Limitations of this report include the open-label, noncomparative study design, which precluded comparisons with other antipsychotic agents, either conventional or atypical. Since these studies were not designed to measure emergent TD, limited historical data were available regarding prior medication use that could impact patients' susceptibility to drug-induced movement disorders.

Although these studies were not designed to assess TD, the large patient numbers, the frequency of the ESRS evaluations, and the long duration of these studies provided an opportunity to better understand this pressing clinical concern. An additional strength of this report was the use of the ESRS, a comprehensive scale for the assessment of movement disorders that provides specificity in the detection of dyskinesias separate from other movement disorders, such as dystonias.

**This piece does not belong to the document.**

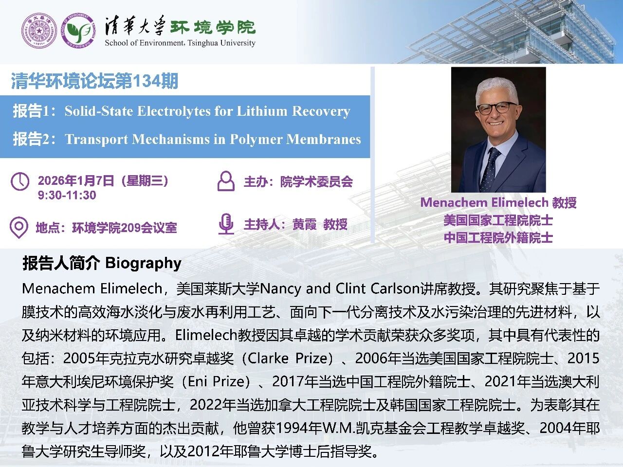 环境学术沙龙 | Solid-State Electrolytes for Lithium Recovery、Transport Mechanisms in Polymer Membranes

Infrequent visits for the assessment of TD limited the ability to assess the persistence of dyskinesia in patients with an onset of symptoms after week 24. Further, TD that would have emerged beyond the study period described here would also be undetected. Two subsets of patients from the study by Croonenberghs et al [10] were followed for an additional one year (n = 48) (21) or two years (n = 35) of risperidone treatment [13]. Although subjects were not evaluated for treatment-emergent TD using the defined criteria applied in this analysis, EPS were rarely reported as an adverse events. There were no reports of TD [13,28].

Conclusion

It is essential to carefully assess movement disorders and TD, and to distinguish those that are treatment-emergent from those that may be behavioral characteristics of some pediatric disorders. This analysis of three large, long-term trials highlights the need for careful, objective evaluation of emergent movement disorders during all stages of treatment. These data further suggest that treatment with low-dose risperidone in pediatric subjects with DBDs is associated with a low rate of TD and other movement disorders. This safety information, coupled with efficacy results in other psychiatric and neurologic disorders, is essential for clinical decision making in young patients, particularly when long-term use of antipsychotics is anticipated. Additional large, rigorous studies examining the benefits and risks of antipsychotics in children and adolescents are needed.

Competing interests

Drs. Pandina, Bossie, and Zhu are employees of Ortho-McNeil Janssen Scientific Affairs, L.L.C., Titusville, NJ. At the time of study, Dr. Gharabawi was also an employee of Ortho-McNeil Janssen Scientific Affairs, L.L.C., Titusville, NJ.